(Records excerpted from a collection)

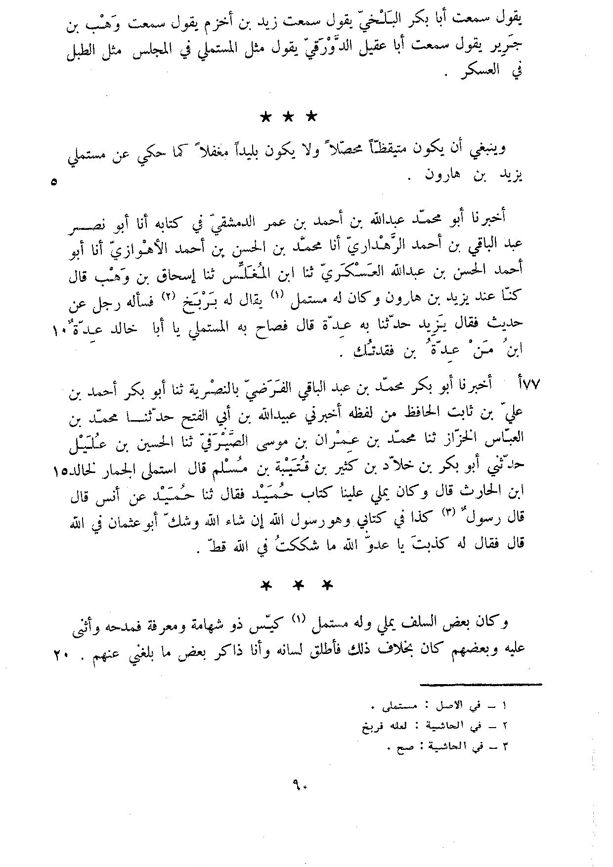 أَخْبَرَنَا أَبُو بَكْرٍ مُحَمَّدُ بْنُ عَبْدِ الْبَاقِي الْفَرَضِيُّ بِالنَّصْرِيَّةِ ثَنَا أَبُو بَكْرٍ أَحْمَدُ بْنُ عَلِيِّ بْنِ ثَابِتٍ الْحَافِظُ مِنْ لَفْظِهِ أَخْبَرَنِي عُبَيْدُ اللَّهِ بْنُ أَبِي الْفَتْحِ حَدَّثَنَا مُحَمَّدُ بْنُ الْعَبَّاسِ الْخَزَّازُ ثَنَا مُحَمَّدُ بْنُ عِمْرَانَ بْنِ مُوسَى الصَّيْرَفِيُّ ثَنَا الْحُسَيْنُ بْنُ عَلِيلٍ حَدَّثَنِي أَبُو بَكْرِ بْنُ خَلادِ بْنِ كَثِيرِ بْنِ قُتَيْبَةَ بْنِ مُسْلِمٍ قَالَ اسْتَمْلَى الْجُمَارُ لِخَالِدِ بْنِ الْحَارِثِ قَالَ وَكَانَ يُمَلِّي عَلَيْنَا كِتَابَ حُمَيْدٍ فَقَالَ ثَنَا حُمَيْدٌ عَنْ أَنَسٍ قَالَ قَالَ رَسُولُ كَذَا فِي كِتَابِي وَهُوَ رَسُولُ اللَّهِ إِنْ شَاءَ اللَّهُ وَشَكَّ أَبُو عُثْمَانَ فِي اللَّهِ قَالَ فَقَالَ لَهُ كَذَبْتَ يَا عَدُوَّ اللَّهِ مَا شَكَكْتُ فِي اللَّهِ قَطْ وَكَانَ بَعْضُ السَّلَفِ يُمَلِّي وَلَهُ مُسْتَمْلِي كَيِّسٌ ذُو شَهَامَةٍ وَمَعْرِفَةٍ فَمَدَحَهُ وَأَثْنَى عَلَيْهِ وَبَعْضُهُمْ كَانَ بِخِلافِ ذَلِكَ فَأَطْلَقَ لِسَانَهُ وَأَنَا ذَاكِرٌ بَعْضَ مَا بَلَغَنِي عَنْهُمْ
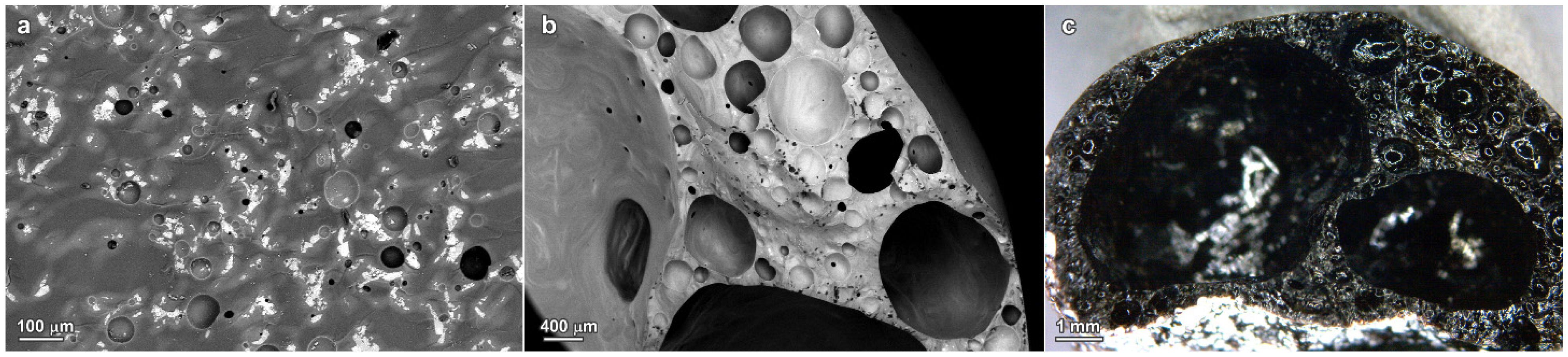 The interdiffusion, at 1000 °C, between glass and slags, even in a low concentration (25 wt%), is testified by Figure 5. The SEM image in Figure 5a, referring to the sample with 25 wt% S1, clearly shows more “isolated” light spots (rich in iron), than in the case of the sample with the same composition sintered at 900 °C (Figure 4a), but also wide diffusion halos around the spots, like in the sample sintered at the same temperature, with higher slag content. The interdiffusion is so extensive for the sample with 25 wt% S2, that halos turn into “streaks”, evident in Figure 5b, around big pores. The big pores, for this sample, as written above, actually correspond to a foaming effect, further evidenced by the optical stereomicroscope image in Figure 5c.
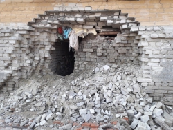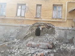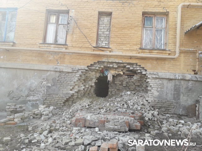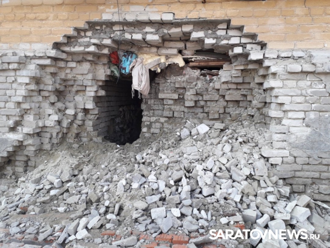 Стену двухэтажного дома № 21 на улице Хомяковой в Саратове кто-то пробил насквозь. Фотографии дыры размером в половину стандартного окна в цоколе здания появились в соцсетях вчера. На снимках видно, что из отверстия вывалились кирпичи, над ним закреплены какие-то тряпки.
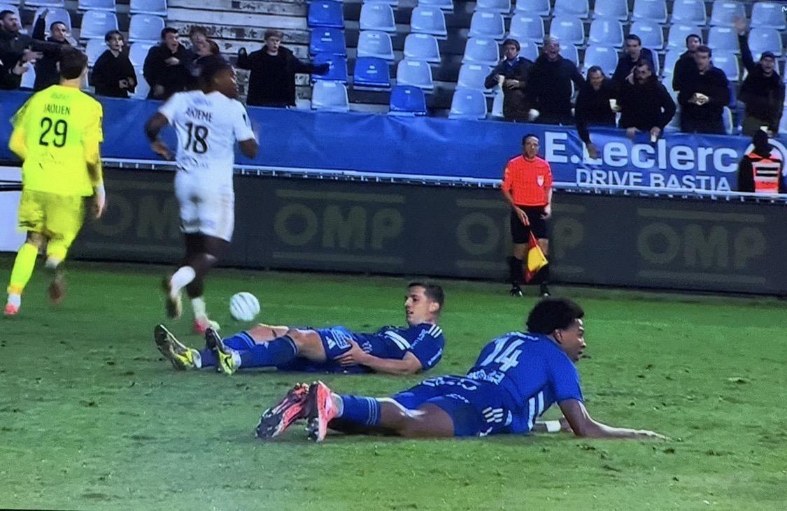 À l’image de cet enchaînement de cinq frappes bastiaises en l’espace de quelques secondes à la 76ᵉ minute, qui trouveront tour à tour le gardien, les défenseurs et même le poteau sur une tentative de Tom Meynadier. Le défenseur bastiais sortira finalement sur civière, remplacé par Nicolas Praviccini. À la 84ᵉ, Matteo Petrignani remplace à son tour, Zakaria Arris.
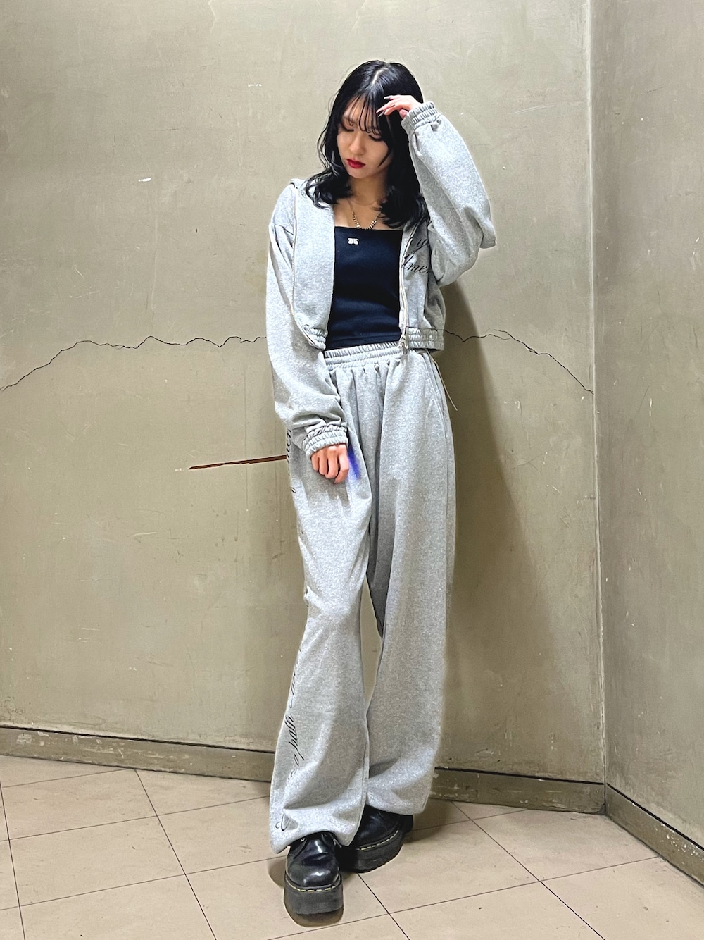 MOMOKA(jouetie)のスウェットパンツ「ラメルーズスウェットパンツ」を使ったコーディネート

### What the task asks
Only the lines from the top of the records through the line with "Стену двухэтажного дома" belong in the copy; write them out exactly, leaving out pictures.

### Exercise response
 أَخْبَرَنَا أَبُو بَكْرٍ مُحَمَّدُ بْنُ عَبْدِ الْبَاقِي الْفَرَضِيُّ بِالنَّصْرِيَّةِ ثَنَا أَبُو بَكْرٍ أَحْمَدُ بْنُ عَلِيِّ بْنِ ثَابِتٍ الْحَافِظُ مِنْ لَفْظِهِ أَخْبَرَنِي عُبَيْدُ اللَّهِ بْنُ أَبِي الْفَتْحِ حَدَّثَنَا مُحَمَّدُ بْنُ الْعَبَّاسِ الْخَزَّازُ ثَنَا مُحَمَّدُ بْنُ عِمْرَانَ بْنِ مُوسَى الصَّيْرَفِيُّ ثَنَا الْحُسَيْنُ بْنُ عَلِيلٍ حَدَّثَنِي أَبُو بَكْرِ بْنُ خَلادِ بْنِ كَثِيرِ بْنِ قُتَيْبَةَ بْنِ مُسْلِمٍ قَالَ اسْتَمْلَى الْجُمَارُ لِخَالِدِ بْنِ الْحَارِثِ قَالَ وَكَانَ يُمَلِّي عَلَيْنَا كِتَابَ حُمَيْدٍ فَقَالَ ثَنَا حُمَيْدٌ عَنْ أَنَسٍ قَالَ قَالَ رَسُولُ كَذَا فِي كِتَابِي وَهُوَ رَسُولُ اللَّهِ إِنْ شَاءَ اللَّهُ وَشَكَّ أَبُو عُثْمَانَ فِي اللَّهِ قَالَ فَقَالَ لَهُ كَذَبْتَ يَا عَدُوَّ اللَّهِ مَا شَكَكْتُ فِي اللَّهِ قَطْ وَكَانَ بَعْضُ السَّلَفِ يُمَلِّي وَلَهُ مُسْتَمْلِي كَيِّسٌ ذُو شَهَامَةٍ وَمَعْرِفَةٍ فَمَدَحَهُ وَأَثْنَى عَلَيْهِ وَبَعْضُهُمْ كَانَ بِخِلافِ ذَلِكَ فَأَطْلَقَ لِسَانَهُ وَأَنَا ذَاكِرٌ بَعْضَ مَا بَلَغَنِي عَنْهُمْ
 The interdiffusion, at 1000 °C, between glass and slags, even in a low concentration (25 wt%), is testified by Figure 5. The SEM image in Figure 5a, referring to the sample with 25 wt% S1, clearly shows more “isolated” light spots (rich in iron), than in the case of the sample with the same composition sintered at 900 °C (Figure 4a), but also wide diffusion halos around the spots, like in the sample sintered at the same temperature, with higher slag content. The interdiffusion is so extensive for the sample with 25 wt% S2, that halos turn into “streaks”, evident in Figure 5b, around big pores. The big pores, for this sample, as written above, actually correspond to a foaming effect, further evidenced by the optical stereomicroscope image in Figure 5c.
 Стену двухэтажного дома № 21 на улице Хомяковой в Саратове кто-то пробил насквозь. Фотографии дыры размером в половину стандартного окна в цоколе здания появились в соцсетях вчера. На снимках видно, что из отверстия вывалились кирпичи, над ним закреплены какие-то тряпки.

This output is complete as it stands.